Analysis of 27 vascular-related proteins reveals that NT-proBNP is a potential biomarker for Alzheimer's disease and mild cognitive impairment: a pilot-study

Abstract

Alzheimer's disease (AD) is a severe neurodegenerative disease. Cerebrovascular changes often accompany AD-related pathology. Despite a considerable progress in the diagnostic accuracy of AD, no blood biomarkers have been established so far. The aim of the present study was to search for changes in plasma levels of 27 vascular-related proteins of healthy controls, patients with mild cognitive impairment (MCI) and AD. In a sample of 80 participants we showed that out of these 27 proteins, six proteins were slightly changed (up to 1.5×) in AD (alpha2-macroglobulin, apolipoprotein-A1, plasminogen activator inhibitor, RAGE, Tissue Inhibitors of Metalloproteinases-1 and Trombospondin-2) and one marker (serum amyloid A) was enhanced up to 6× but with a very high variance. However, N-terminal pro-brain natriuretic peptide (NT-proBNP) was significantly enhanced both in MCI and AD patients (1.9×). In a second analysis of a sample of 110 subjects including younger healthy controls, we confirmed that NT-proBNP has the potential to be a stable candidate protein for both diagnosis and AD disease progression.

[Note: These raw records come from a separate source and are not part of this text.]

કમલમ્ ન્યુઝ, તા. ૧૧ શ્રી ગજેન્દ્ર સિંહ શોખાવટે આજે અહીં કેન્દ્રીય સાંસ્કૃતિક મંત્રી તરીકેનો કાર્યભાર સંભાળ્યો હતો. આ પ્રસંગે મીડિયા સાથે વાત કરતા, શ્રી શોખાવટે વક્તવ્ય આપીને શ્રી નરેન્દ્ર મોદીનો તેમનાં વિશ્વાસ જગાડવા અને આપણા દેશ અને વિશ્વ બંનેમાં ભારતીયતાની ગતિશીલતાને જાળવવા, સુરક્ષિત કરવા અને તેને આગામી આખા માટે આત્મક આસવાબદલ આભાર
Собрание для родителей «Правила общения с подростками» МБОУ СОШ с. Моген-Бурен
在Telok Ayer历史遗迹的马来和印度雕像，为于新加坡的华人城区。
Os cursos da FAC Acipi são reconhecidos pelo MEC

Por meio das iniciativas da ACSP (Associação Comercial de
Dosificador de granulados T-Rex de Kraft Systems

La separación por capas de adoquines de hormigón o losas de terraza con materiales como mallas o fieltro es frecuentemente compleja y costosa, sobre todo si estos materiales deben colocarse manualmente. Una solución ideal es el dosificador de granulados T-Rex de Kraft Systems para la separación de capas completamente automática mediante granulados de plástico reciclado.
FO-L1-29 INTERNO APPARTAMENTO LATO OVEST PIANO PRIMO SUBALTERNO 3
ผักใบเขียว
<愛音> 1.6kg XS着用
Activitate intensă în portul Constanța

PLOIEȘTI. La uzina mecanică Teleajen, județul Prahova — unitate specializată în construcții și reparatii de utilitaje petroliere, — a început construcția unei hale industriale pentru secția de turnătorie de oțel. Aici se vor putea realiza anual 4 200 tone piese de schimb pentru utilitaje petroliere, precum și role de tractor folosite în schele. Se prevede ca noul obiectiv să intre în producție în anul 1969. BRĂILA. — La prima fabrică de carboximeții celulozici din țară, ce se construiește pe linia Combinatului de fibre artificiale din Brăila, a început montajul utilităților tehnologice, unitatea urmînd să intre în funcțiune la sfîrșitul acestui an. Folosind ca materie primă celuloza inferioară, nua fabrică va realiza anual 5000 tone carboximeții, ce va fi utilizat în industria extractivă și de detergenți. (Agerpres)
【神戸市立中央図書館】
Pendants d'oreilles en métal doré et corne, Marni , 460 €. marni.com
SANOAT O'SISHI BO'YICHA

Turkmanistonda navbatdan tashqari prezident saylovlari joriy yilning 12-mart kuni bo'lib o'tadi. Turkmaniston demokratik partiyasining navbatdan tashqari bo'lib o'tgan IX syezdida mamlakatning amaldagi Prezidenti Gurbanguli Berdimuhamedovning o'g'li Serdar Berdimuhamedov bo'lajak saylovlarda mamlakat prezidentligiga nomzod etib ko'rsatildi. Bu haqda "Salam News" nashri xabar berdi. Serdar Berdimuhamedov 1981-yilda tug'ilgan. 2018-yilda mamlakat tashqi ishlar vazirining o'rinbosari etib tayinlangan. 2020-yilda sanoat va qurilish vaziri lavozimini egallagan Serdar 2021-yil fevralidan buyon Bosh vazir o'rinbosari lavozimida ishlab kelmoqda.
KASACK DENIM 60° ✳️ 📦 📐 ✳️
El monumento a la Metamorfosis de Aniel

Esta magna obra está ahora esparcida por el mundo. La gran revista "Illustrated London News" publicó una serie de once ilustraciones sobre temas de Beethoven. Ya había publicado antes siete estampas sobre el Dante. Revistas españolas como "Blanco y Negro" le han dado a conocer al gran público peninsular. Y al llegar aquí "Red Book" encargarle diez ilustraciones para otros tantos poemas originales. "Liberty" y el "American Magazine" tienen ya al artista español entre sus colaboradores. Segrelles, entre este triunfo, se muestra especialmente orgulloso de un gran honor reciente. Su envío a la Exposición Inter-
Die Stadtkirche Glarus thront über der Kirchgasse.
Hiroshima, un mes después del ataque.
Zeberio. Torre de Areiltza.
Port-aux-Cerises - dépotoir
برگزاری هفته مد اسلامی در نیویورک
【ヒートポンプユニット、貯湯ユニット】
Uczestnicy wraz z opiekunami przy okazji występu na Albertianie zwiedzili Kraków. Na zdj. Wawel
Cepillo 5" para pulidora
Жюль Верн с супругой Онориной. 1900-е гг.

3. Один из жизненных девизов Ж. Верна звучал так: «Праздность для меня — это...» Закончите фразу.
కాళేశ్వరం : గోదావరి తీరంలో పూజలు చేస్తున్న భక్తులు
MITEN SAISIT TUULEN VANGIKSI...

Keywords: Alzheimer; Biomarker; Diagnosis; Mild cognitive impairment; Multiplex ELISA; NT-proBNP; Plasma.

Fig. 1

Plasma NT-proBNP levels of young healthy controls (yCo), old controls (oCo), patients with mild cognitive impairment (MCI) and Alzheimer’s disease (AD); see Table 1. Statistical analysis was performed by one way ANOVA with a subsequent Fisher PLSD posthoc test. Values in parenthesis give the number of analyzed subjects.

Fig. 2

Yearly conversion rates for plasma NT-proBNP levels from controls to mild cognitive impairment (CO to MCI) and MCI to Alzheimer’s disease (MCI to AD), as well as yearly changes in stable MCI (MCI–MCI) and stable AD (AD–AD). Values are given as mean ± SEM. The number in parenthesis gives the number of follow up patients. The groups were statistically compared against CO-MCI using one way ANOVA and a Fisher LSD posthoc test (*p < 0.05).

Fig. 3

(A) ROC curve based on NT-proBNP plasma levels for MCI patients vs. controls. (B) ROC curve based on NT-proBNP plasma levels for patients with Alzheimer dementia vs. controls.